The District Rotaract Representative also
appoints the Rotaract district committee
(comprised of Rotaractors).
Rotaract District Committee
The District Rotaract Representative may
also appoint a Rotaract district committee
comprised of at least five Rotaract members
from various clubs in the district. The
number of members appointed to this
committee varies according to the size of
the district and the District Rotaract
Representative’s plans for the year. The
Rotaract district committee plans districtwide projects and activities, recommends
club service ideas to strengthen clubs, and
works with the Rotarians on the District
Rotaract Committee to organize new clubs
and district training sessions for Rotaract
club officers.
District Meetings
Two important district-wide Rotaract
meetings are held each year: the Rotaract
District Assembly and the Rotaract District
Conference.
Rotaract District Assembly
The purpose of the Rotaract District
Assembly is to provide training to the
incoming Rotaract club officers.

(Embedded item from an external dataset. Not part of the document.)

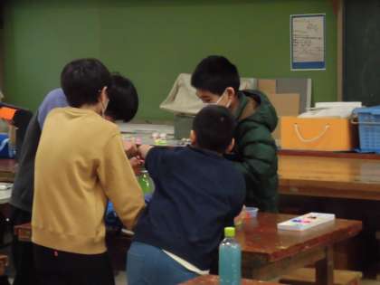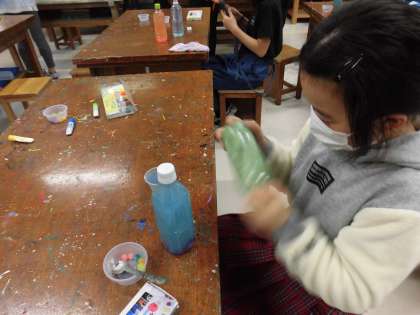 ペットボトルと絵具、ビー玉等を使って色水を作る活動を楽しんでいます。「赤と白を混ぜてみたら、こんな感じ。もう少し水を入れて薄めようかなあ」と思考錯誤しながら自分の思い描く色水を作ろうとしていました。

The
Rotaract District Assembly can be held any
time after club open elections are held.
Normally, this is done before the Rotary
year in which the officers serve their term.
The meeting is planned and implemented
by the District Rotaract Representative and
District Rotaract Chairman, and their
respective committees.
Participants at the Rotaract District Assembly
include incoming Rotaract club officers,
directors and committee chairmen; current
and incoming District Rotaract Representatives; the District Governor; District
Rotaract Committee (consisting of
Rotarians); Rotaract district committee
(consisting of Rotaractors); Rotary club
Rotaract committee chairperson and
members; and Rotaract club advisors.
The conference should feature a mix of
general sessions and small group discussions
designed to provide training to Rotaract
club officers and committee chairpersons
and to develop rapport between the Rotaract
club leadership and the sponsoring Rotary
club and district leadership. Individual
sessions should be planned to discuss the
roles of the various club officers. General
sessions might address Rotaract activities
at the district level as well as provide an
opportunity for sharing ideas on service
activities and membership development
and retention. The program should be
developed jointly by the District Rotaract
Representative and the District Rotaract
Chairman and be approved by the District
Governor.Rotaract Handbook 13
General sessions should be led by the
District Rotaract Representative, with
assistance from the District Rotaract
Committee Chairperson. Group sessions
should be led by Rotaractors, with Rotarians
assigned to each group as resource specialists
to supply any necessary information and
guidance. This provides an excellent
opportunity for Rotaractors to develop
their leadership skills.
The Rotarians and Rotaractors on the
District Rotaract Committee and Rotaract
district committee, respectively, should
work together to plan all aspects of the
meeting. In addition to conducting the
meeting, the District Rotaract Representative
should recommend Rotaractors to serve as
discussion group leaders and also help
promote attendance at the meeting.
The expenses for all incoming Rotaract club
officers, directors and committee chairpersons are to be paid by the sponsoring
Rotary clubs, or where circumstances
dictate, by a mutually agreed-upon financial
arrangement involving the sponsoring
Rotary clubs, Rotary district and the
Rotaract participants. The District Governor
should approve the final financial proposal
for the Rotaract District Assembly.
Rotaract District Conference
A Rotaract District Conference gives
Rotaractors throughout the district a chance
to congregate and celebrate the year’s
successes. The conference also provides an
important forum for exchanging information
and ideas, evaluating completed projects
and planning new ones, and strengthening
the spirit of teamwork and friendship.
Every Rotaractor in the district should be
invited to the district conference, as well as
Rotarians on the District Rotaract Committee,
Rotaract club advisors and the District
Governor. The Rotaract District Conference
can be held at the end of May or in June
and should be held at a central location that
offers easy and economical access for
Rotaractors throughout the district. Keep in
mind that it shouldn’t conflict with the
Rotaract Pre-Convention Meeting.
All aspects of the meeting should be
planned by the Rotaractors and Rotarians
on the district committees. The current and
incoming District Rotaract Representatives
should have primary responsibility for
coordinating the meeting.
The cost of the conference can be covered
in various ways. Often, however, general
Rotaract club and district funds are used to
cover meeting expenses, and Rotaractors
pay a registration fee that includes meals,
entertainment and accommodations if the
meeting runs longer than one day.
There are no set guidelines for program
content, but it should be informative and
enjoyable. Based on the interests of the
district’s Rotaractors, the current and
incoming District Rotaract Representatives,
in consultation with the Rotaract district
committee, should plan a program that
motivates the participants and promotes
the formation of district-wide friendships.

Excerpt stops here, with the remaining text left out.